City stops smoking
Residents at Midtown’s Comstock building forced to quit or move out
One of the last city-owned public-housing buildings to allow smoking is about to put out the cigarettes.
The Comstock high-rise, located on the corner of 18th and K streets, until recently allowed residents to puff in its units. But city council and the Sacramento County Board of Supervisors approved a public-housing nonsmoking policy last January, and the Sacramento Housing and Redevelopment Agency intends to prohibit indoor smoking in the building next year.
“They’re stepping on our toes and violating our rights of smoking,” said Dean Storey, a resident of the Comstock building and longtime smoker. “If we do not quit smoking, or if we’re caught smoking in our apartments, they’re talking about eviction.”
Effective January 1, all incoming Comstock residents will sign a lease agreement that abides the new nonsmoking policy; all current residents will be asked to sign on with their next recertification.
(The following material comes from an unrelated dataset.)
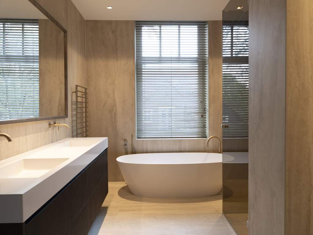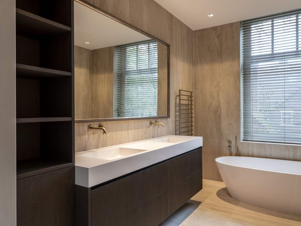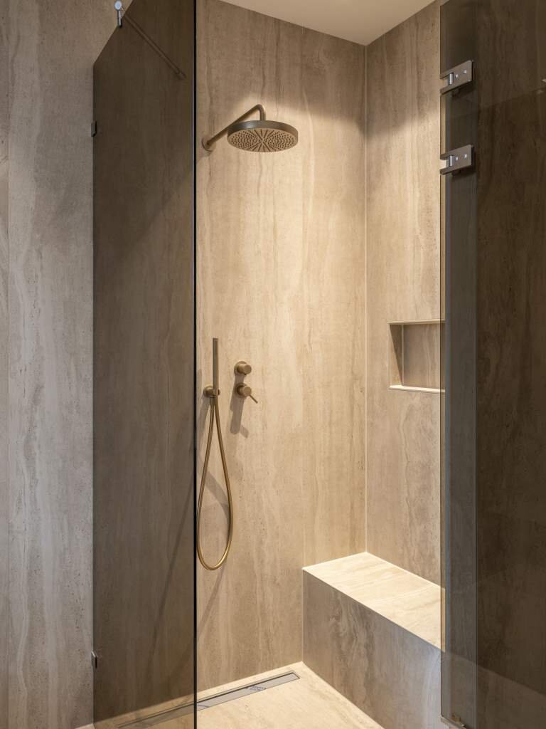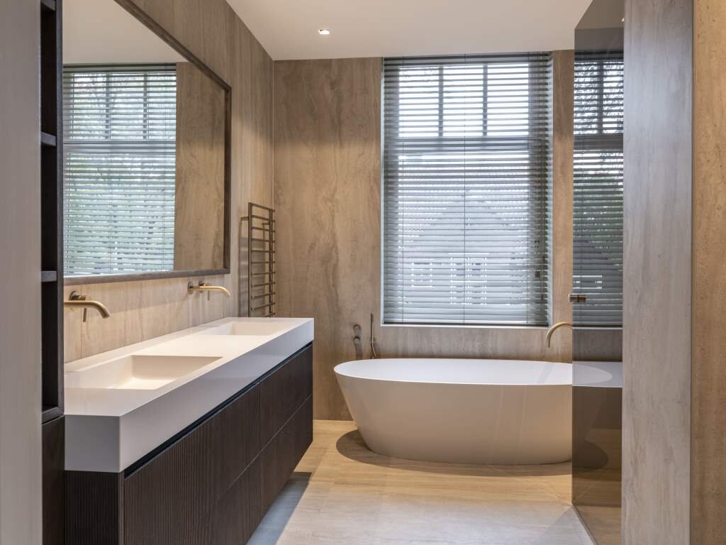 De woning beschikt over twee ruime slaapkamers, waarvan één direct toegang biedt tot het tweede terras. De naastgelegen badkamer is een oase van rust, met een royaal ligbad, inloopdouche, dubbele wastafel en toilet – een privé spa in eigen huis. De tweede badkamer is voorzien van dubbele wastafel, toilet en royale inloopdouche.
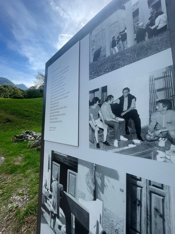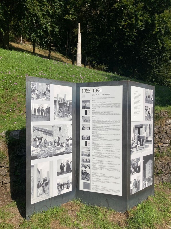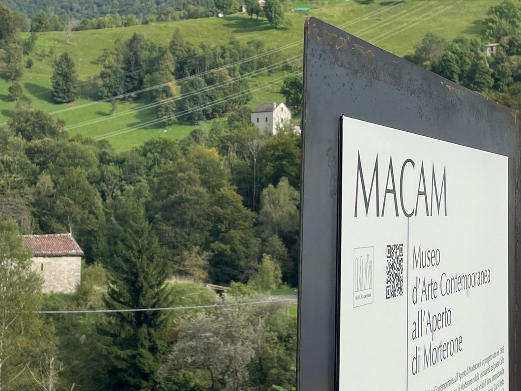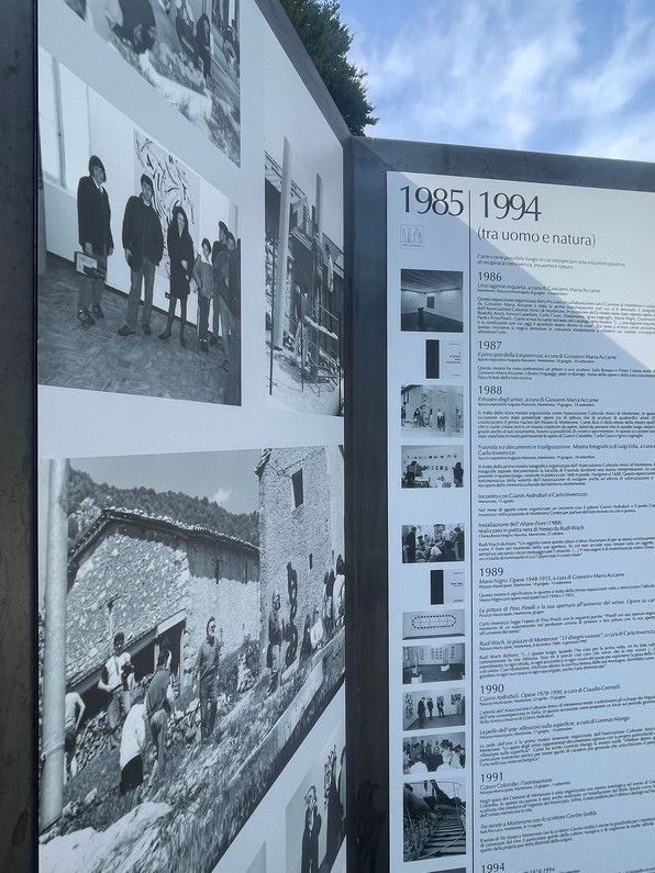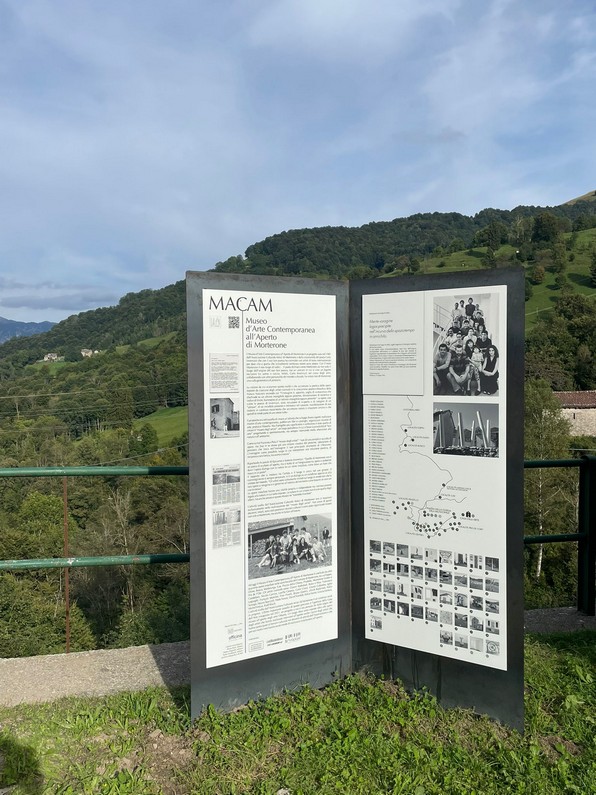 permanenti disseminate sul territorio, partendo dalla piazza della Chiesa sino alla Casa dell’Arte. Il percorso – incentrato sulla nascita e gli sviluppi dell’associazione culturale morteronese a partire dal 1985, anno della sua fondazione, fino ad oggi – prende corpo come una reale linea del tempo attraverso immagini fotografiche di archivio, documenti, cataloghi, testi e poesie. Il totem introduttivo, partendo da una lettera del 1985 del poeta Carlo Invernizzi, racconta i primi passi circa l’intento di portare l’arte a Morterone; le quattro strutture successive – suddivise per decenni – scandiscono l’attività svolta in quarant’anni dall’Associazione Culturale Amici di Morterone, mettendo in evidenza non le opere che oggi si possono ammirare bensì le persone, il lavoro dietro le quinte, il processo che ha portato alla straordinaria realizzazione del MACAM – Museo d’Arte Contemporanea all’Aperto di Morterone e della Casa del’Arte. Il creativo Giuseppe Villa, staccandosi da una narrazione prettamente tecnico/artistica ha rivelato gli aspetti più umani che che hanno portato alla nascita e crescita a Morterone di una esperienza unica.

Some long-standing residents, though, are anything but happy. “Now, my civil rights are being violated,” Storey argued.
But Nick Chhotu, SHRA assistant director of public housing, says this is not a civil-liberties issue. “The secondhand smoke carries throughout the building,” he explained, “and has affected those residents that have respiratory [problems], or minor children.”
In December 2006, the city and the county passed resolutions encouraging multifamily property owners to designate all units as nonsmoking. That same year, the Resident Advisory Board, in compliance with the public housing authority, conducted surveys of 644 residents at 17 public-housing-authority properties.
“What we found from these surveys was that over 75 percent of our residents wanted to adopt a nonsmoking policy,” said Chhotu, who explained that 121 housing authorities across the nation have adopted nonsmoking-facility policies.
About 40 percent of public-housing residents are minors, according to Chhotu, and another 20 percent are elderly, demographics highly susceptible to the ramifications of secondhand smoke. This is not to mention the clean-up expenses for smoking units, which he claims can cost up to $5,000.
“Smoking is the No. 1 cause for fires in our units,” Chhotu added.
With a majority of public-housing residents on disability or government assistance, the resources to quit the habit are too expensive or not covered by insurance, according to Storey.
But Chhotu says there’s a solution: The SHRA is working with two county nonprofits, RESPECT and Breathe California of Sacramento-Emigrant Trails, to provide training, counseling and support for smokers. “We’ve had a lot of residents that have wanted to quit smoking,” Chhotu explained.
Soon, they may get the chance to prove it.